The onesey twosey investors aren't subsidizing the returns of the breakpoint buyers. They are lining the wallets of their brokers. The sales loads go to compensate brokers and not into the fund's general accounts.

As to emulating CAIBX with index funds, I'm sure one could data mine until they found an optimal combination of funds. CAIBX is heavily tilted towards international, large cap and value. If I wanted to emulate their returns using low cost funds, I'd try 28% VIVAX (VG Value index), 37% VTRIX (VG International Value), and 35% VBISX (VG Short Term bond index).

That combination is based on CAIBX's current portfolio allocations. Not sure how they were positioned historically over the last 5-10 years. I seem to recall they had a smaller allocation to international investments a few years ago.

I'd be interested to see how a mix of the 3 VG funds would have done over the 2000-2006 period.
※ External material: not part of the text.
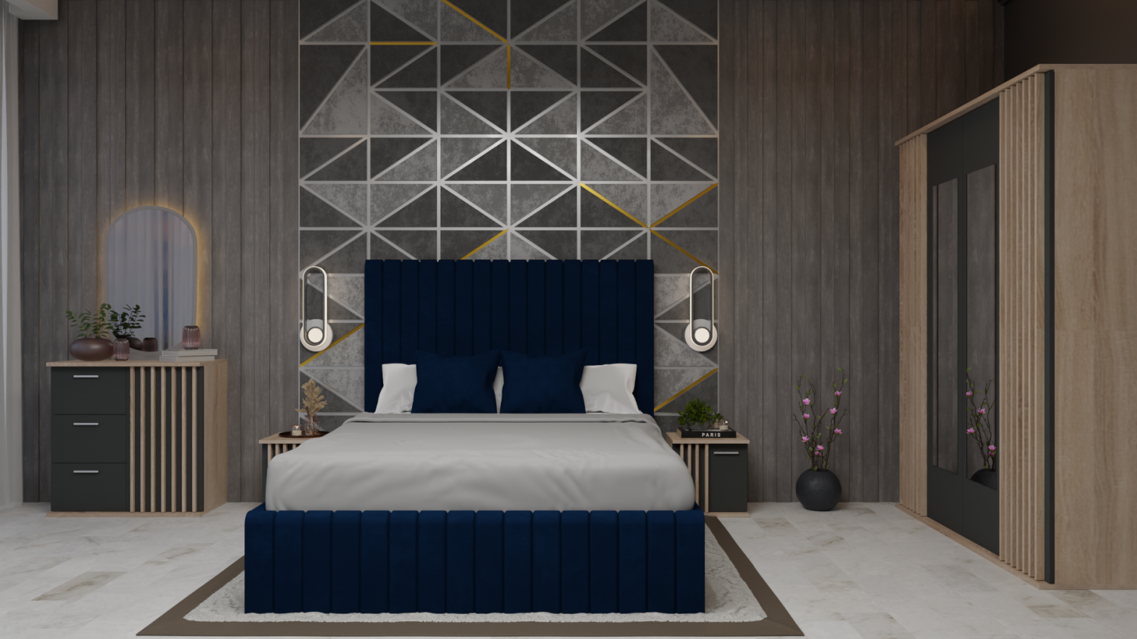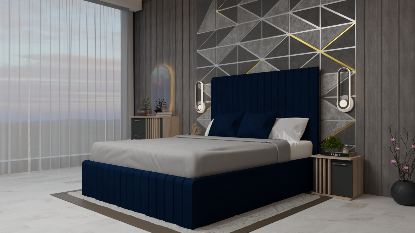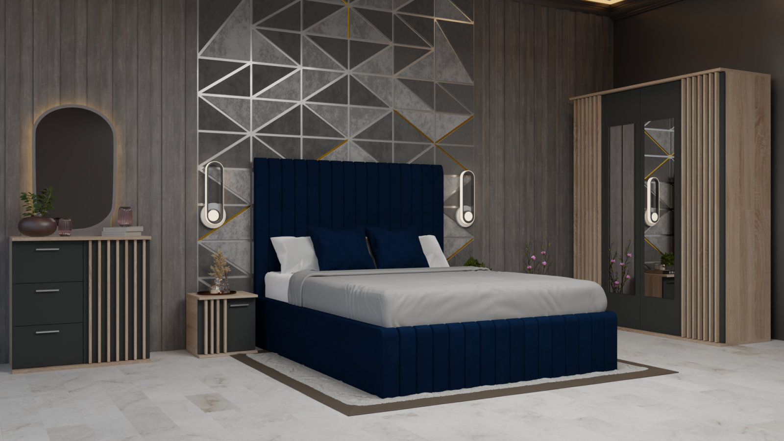 Colecția Dallas se remarcă prin designul modern și elegant, accentuat de riflajele decorative care aduc profunzime și rafinament spațiului. Patul Cairo tapițat în catifea fină, cu tăblie înaltă și linii contemporane, oferă un confort desăvârșit și un plus de stil. Ansamblul creează o atmosferă caldă, echilibrată și sofisticată – ideală pentru un dormitor modern și primitor.

FYI, the VG funds have a composite expense ratio of 0.31% and zero sales loads.

And as always, past results will not necessary be repeated in the future.
 
Thanks for the ideas on emulation!  I didn't realize 100% of the loads go to the brokers.  Learn something new every day.
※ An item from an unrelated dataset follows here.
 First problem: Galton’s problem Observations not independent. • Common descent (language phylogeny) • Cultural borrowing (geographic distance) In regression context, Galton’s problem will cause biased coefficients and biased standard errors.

I guess that leaves me with a .26% annual premium paid for CAIBX versus the basket you recommend.  That is 83% more, which sounds large when you think about it, but could be dwarfed by just one year of outperformance.

So it comes down to whether the research resources and sustainability of the the American Funds management structure are worth that 83% premium.  I think I will continue to bet that I get a good value for the money even though the funds are becoming very large.  Does that make me as silly as those Harvard undergrads and Wharton MBAs?   :-\

We shall see I guess...At least I will take comfort in not having paid any up front loads.
 
Take a look at T. Rowe Price PRWCX.  5* rating, no load, reasonable ER
good returns

2soon
 
Thanks for the recommendation!

Actually, it looks like PRWCX's expense ratio is quite a bit higher than CAIBX.  It is also very highly weighted to US stocks.  Also, managed by Stephen W. Boesel.  What happens if he gets hit by a bus?  I don't think the fund family or this particular fund is for me.
 
doushioukanaa said:
We shall see I guess...At least I will take comfort in not having paid any up front loads.
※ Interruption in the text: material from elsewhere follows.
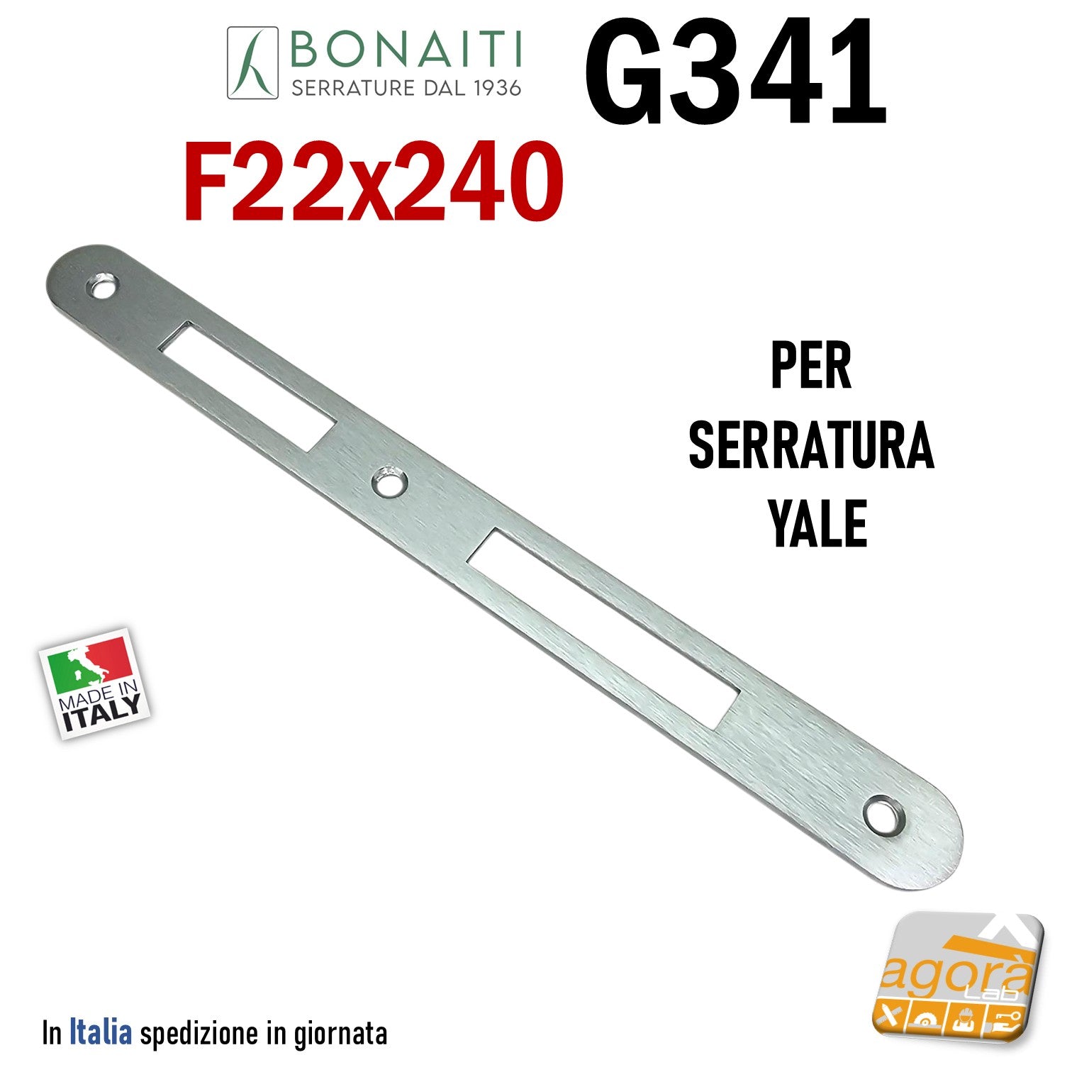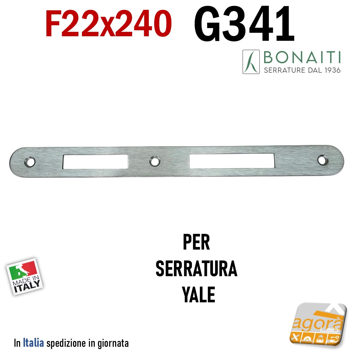 Riscontro Gaccia G341 Bonaiti 240x22 x Serrature C22T YALE Contropiastra serratura Cromo satinato

If you have $1,000,000 or more with american funds, it's probably not a bad fund choice. Compared to most actively managed funds, CAIBX's expense ratio is great! For the rest of us suckers with less than $1,000,000 to invest, we'll be paying an up front sales fee that is hard to justify when you have good alternatives available elsewhere for less money.

CAIBX does have a really high yield, presumably from high-dividend stocks, based on its extreme value tilt.
 
Thanks for the feedback and reassurance on the pick.

One point of information...I just checked with a friend who used to work for Edward Jones. He said about 85%-90% of the loads for American Funds go to the broker, so about 10%-15% goes toward the fund company. It varies by fund company I guess.